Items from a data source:
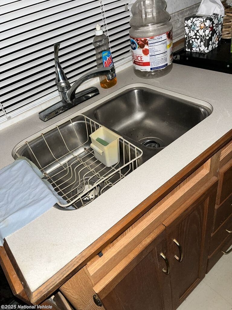 Step inside to a bright, open living space designed for comfortable daily use. The front living area features a spacious sofa and convertible dinette?perfect for relaxing, dining, or hosting guests. Large windows fill the coach with natural light, giving the interior a warm and inviting feel. The thoughtfully arranged kitchen includes a three-burner cooktop, oven, microwave, refrigerator, double sink, and plenty of cabinet space, allowing you to prepare meals with ease.
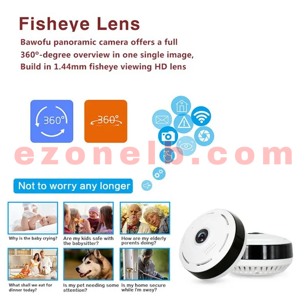 360 Degree INFRARED SURVEILLANCE Camera – HD 2304×1926 P – Wi-Fi Globe Panoramic Camera – Fish eye – IR Night Vision Home Security Surveillance CCTV Cam FROM EXPERT ZONE
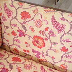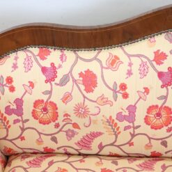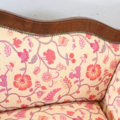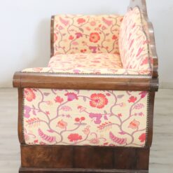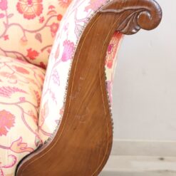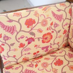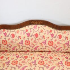 The padded backrest and seat offer comfort and support, while the floral-patterned fabric enhances its decorative appeal. The walnut wood frame showcases traditional craftsmanship and enduring beauty.
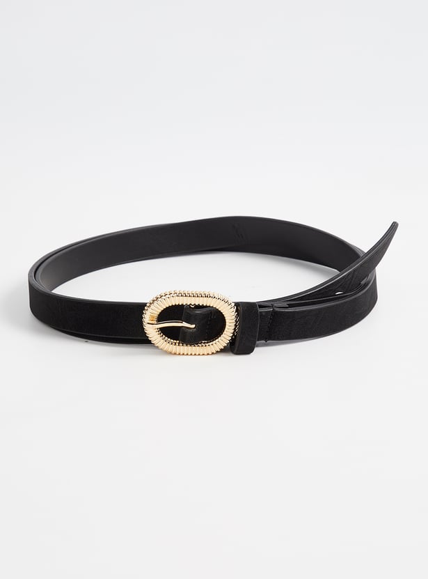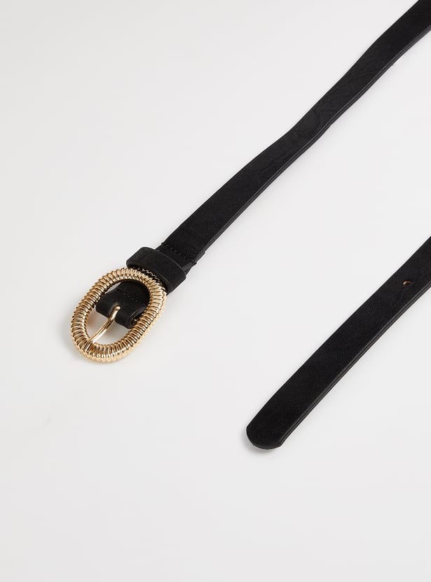 Add a refined edge to your look with this solid belt. Designed with a subtle textured finish, it features an oblong buckle with a ribbed design that brings a modern touch.
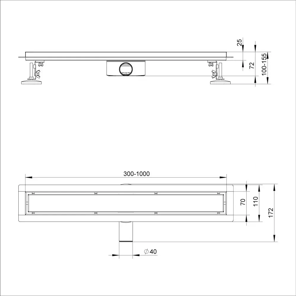 | Особливість | Поворотний сифон, Прихований, Регулювання висоти, Щілинний злив |
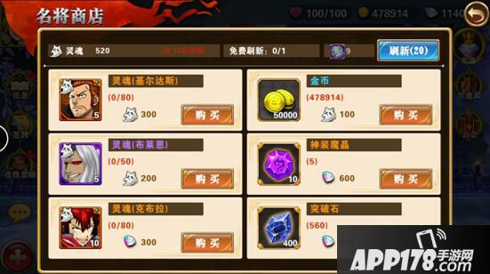 使用“刷新卷轴”可以来刷新商店里的商品,同时每天有一次免费刷新的机会,当遇到想要的角色灵魂时,不要犹豫的使用灵魂或者钻石来购买吧!
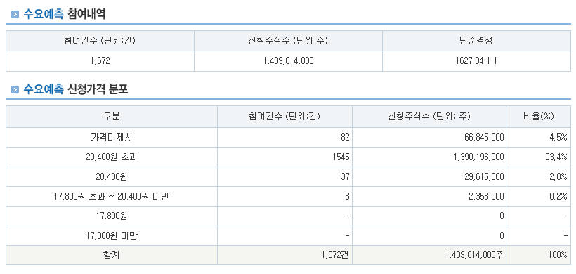 # 결론 : 주식을 배정 받지 못하셨다면(균등배정이 아니라면) 확정 공모가(44,000원)에 들어가 보시는 것도 나쁘지 않을 것 같습니다.
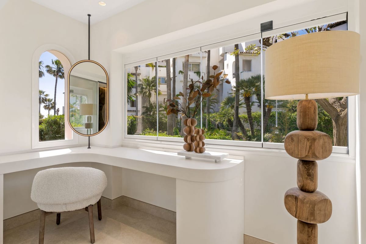 This is a beautifully renovated frontline beach, three-bedroom, two-bathroom apartment with nice sea views. It offers a stylish and comfortable living experience in one of Estepona’s most desirable coastal areas. Every detail of the 137 m² interior has been completely updated with a fresh, contemporary design that combines high-quality materials and modern finishes. Bright and welcoming, the apartment is fully and tastefully furnished, move-in ready and perfectly suited for luxurious beachfront living. A spacious 20 m² terrace extends the living space outdoors, providing a private spot to enjoy the tranquil surroundings.
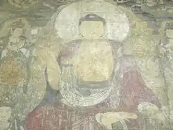 As it stands today, the wall painting measures 751.8 cm in height and 1511.3 cm in length. It is notable for its high level of detail.[1] The painting features seated Bhaisajyaguru Buddha in an imagined heaven, surrounded by Bodhisattvas and gods. Usually, Bhaisajyaguru Buddha is depicted as an Indian figure. But in this Paradise of Bhaisajyaguru painting, all the figures are depicted with Chinese dresses and robes. Bhaisajyaguru Buddha is wearing a red robe. Buddha is flanked by two seated Bodhisattvas: Avalokitesvara and Cintamanicakra. Another four secondary Bodhisattva figures can be seen in the mural.[2] The Twelve Heavenly Generals, six at each side in the painting symbolizes the Buddha's vow to help others.[1] This painting was formerly confused as the Assembly of Śākyamuni Buddha.[2]
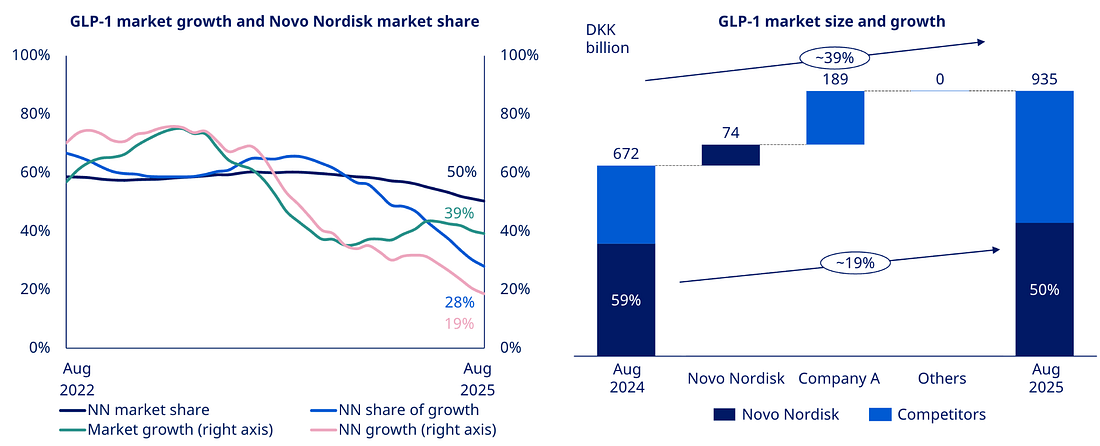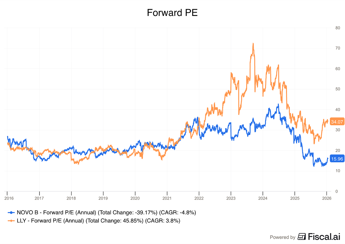 Si no pierde más cuota de mercado respecto a Lilly y mantiene esos márgenes operativos, debería valer el doble, teniendo sólo en cuenta los múltiplos que cotiza ahora mismo. Luego hay que tener en cuenta los vientos de cola que tiene, cada vez más población obesa y más diabéticos.

Exercise prompt = Pictures stay out. Print the data exactly, from its first line through the line containing "# 결론 : 주식을 배정".

Response area =
 Step inside to a bright, open living space designed for comfortable daily use. The front living area features a spacious sofa and convertible dinette?perfect for relaxing, dining, or hosting guests. Large windows fill the coach with natural light, giving the interior a warm and inviting feel. The thoughtfully arranged kitchen includes a three-burner cooktop, oven, microwave, refrigerator, double sink, and plenty of cabinet space, allowing you to prepare meals with ease.
 360 Degree INFRARED SURVEILLANCE Camera – HD 2304×1926 P – Wi-Fi Globe Panoramic Camera – Fish eye – IR Night Vision Home Security Surveillance CCTV Cam FROM EXPERT ZONE
 The padded backrest and seat offer comfort and support, while the floral-patterned fabric enhances its decorative appeal. The walnut wood frame showcases traditional craftsmanship and enduring beauty.
 Add a refined edge to your look with this solid belt. Designed with a subtle textured finish, it features an oblong buckle with a ribbed design that brings a modern touch.
 | Особливість | Поворотний сифон, Прихований, Регулювання висоти, Щілинний злив |
 使用“刷新卷轴”可以来刷新商店里的商品,同时每天有一次免费刷新的机会,当遇到想要的角色灵魂时,不要犹豫的使用灵魂或者钻石来购买吧!
 # 결론 : 주식을 배정 받지 못하셨다면(균등배정이 아니라면) 확정 공모가(44,000원)에 들어가 보시는 것도 나쁘지 않을 것 같습니다.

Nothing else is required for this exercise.